Catalysts for Solana/Polygon Payment Narratives in Japan

The near-term catalyst is August itself: confirmation of the pilot’s exact start date, duration, and scale, plus disclosure of which yen-denominated stablecoin is used at Lawson’s Takanawa Gateway City store.

On the Netstars side, rollout signals will come from whether wallet support expands beyond MetaMask and whether additional blockchains are added beyond Solana and Polygon. Merchant adoption indicators matter more than announcements, including whether merchants can actually use existing payment terminals “in most cases” and whether yen settlement remains standard across supported stablecoins.

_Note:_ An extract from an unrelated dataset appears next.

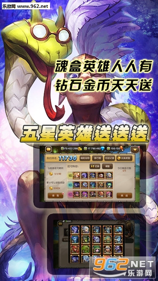 这是一款动作卡牌手机游戏,玩家可以收集到Q版英雄,通过装备附魔、技能升级、英雄进阶提升战队战斗力。
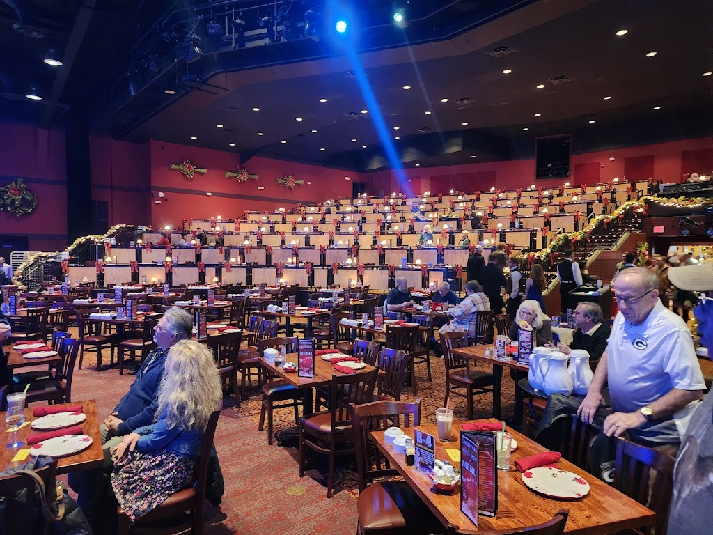 What an amazing experience! The food plentiful, tasty and hot. The server was very thoughtful and worked very hard. The show had a sense of traditional Christmas music, but also they mixed in some comedy and skits. Weβre definitely interested in going to their further showsβ¦the Western and Spooktacukar Halloween. The bathroom was also well stocked and very clean!

The regulatory backdrop is already in place. Japan’s stablecoin framework took effect June 1, 2023 via amendments to the Payment Services Act and related laws, requiring intermediaries to register with the Financial Services Agency. USDC distribution was approved in March 2025, and JPYC registered in August 2025 before launching in October. Any new FSA-related approvals or registrations tied to stablecoin intermediaries would be a concrete signal that the rails are broadening.

What This Means for Stablecoin Adoption Trades

I treat these as plumbing stories, not hype cycles. The Lawson pilot is explicitly testing whether stablecoins can live inside a normal convenience-store checkout without forcing the merchant to touch wallet ops, and that’s the right design if the goal is scale.

The threshold that matters is whether Netstars can turn “merchant applications open” into repeatable deployment with yen pricing, yen settlement, and minimal terminal changes. If that holds, the setup starts to look structural rather than narrative-driven, because it reduces the two frictions that kill retail crypto payments: operational burden and balance-sheet exposure.